OKE: Hello again. You're watching INSIDE AFRICA.
Now, Nigeria is the largest oil-producing African nation, but now there is a new initiative to boost the economy with new tourist attractions. CNN's Africa correspondent Jeff Koinange reports.
JEFF KOINANGE, CNN CORRESPONDENT (voice-over): This is Cross River State on the southeast coast of Nigeria. And this cable car is part of the state's bold new move to go where Nigeria has never gone before -- helping transform the country into a tourist Mecca.
Nigeria is the world's eighth largest producer of crude oil, which accounts for more than 90 percent of the country's gross national product. One man, though, wants to change the country's reliance on one export: Cross River State Governor Donald Duke. His solution, to make Cross River State into the Switzerland of Africa.
And he's putting his money where his mouth is, with his $5 million ultramodern cable car, the first of its kind in West Africa, which will be able to carry 20 visitors at a time up these picturesque hills for several hundred meters.

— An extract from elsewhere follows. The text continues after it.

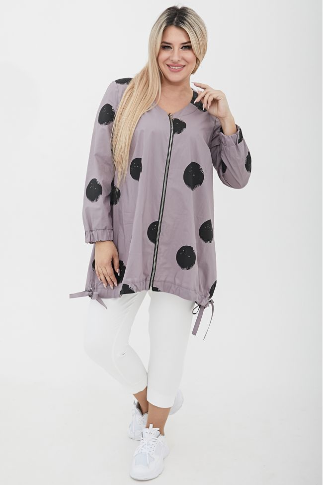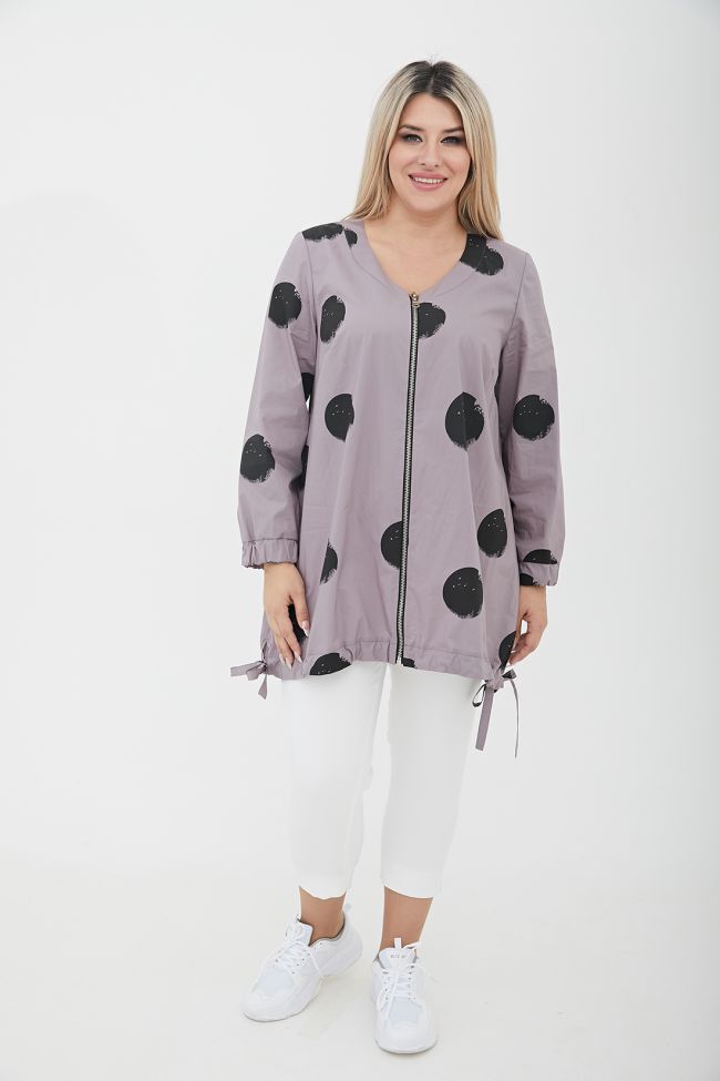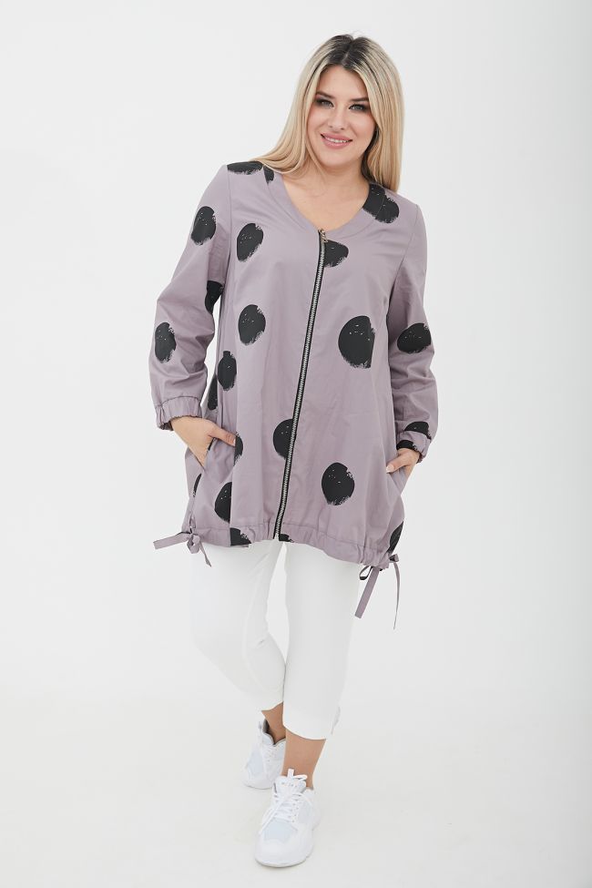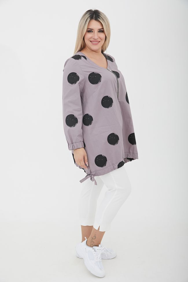 серый Свободная туника трапециевидного силуэта из поплина в принт "круги".  V - образный вырез горловины оформлен широкой обтачкой. По переду - центральная застежка на тесьму - молнию. Длинные втачные рукава, дополнены широкой манжетой на резинке. Модель с асимметричным низом - подчеркнутым притачной кулиской, по бокам разрезы с завязками. В боковых швах удобные карманы.

Once on top, the plan is to house the tourists in this multimillion dollar resort, complete with cabins, restaurants, and a high-altitude heated swimming pool.
And Duke isn't stopping there. He has other, bigger plans for Cross River State; this time as the Dubai of Africa.
Already, construction has begun on this $300 million project, thanks to a group of investors in conjunction with the government of Nigeria. Once completed, this large expanse of land will be transformed into a combination shopping malls, cinema complexes, restaurants and a 300-bed hotel, all under one very large roof -- another first for West Africa.
To attract potential big-name clients in the mall, the project is expected to provide some very attractive deals.
UNIDENTIFIED MALE: For the (inaudible) prospective, you know, it's a free trade zone, so apparently all the items that come through here, it's duty free and tax free.
KOINANGE: Investors, too, are already calling this a success story.
UNIDENTIFIED MALE: We're proud (inaudible) we have this type of project in Africa. We hope that definitely this is a good deal, it is a good investment, it is profitable, and definitely we're happy to be there.
KOINANGE: Imagine that: A combination Switzerland and Dubai in the middle of nowhere in Africa. Conceivable? Definitely. Achievable? Well, that won't be known for another 18 months. But the ground has been laid, and in the words of Governor Donald Duke, the sky is literally the limit.
Jeff Koinange, CNN, Cross River State in southeastern Nigeria.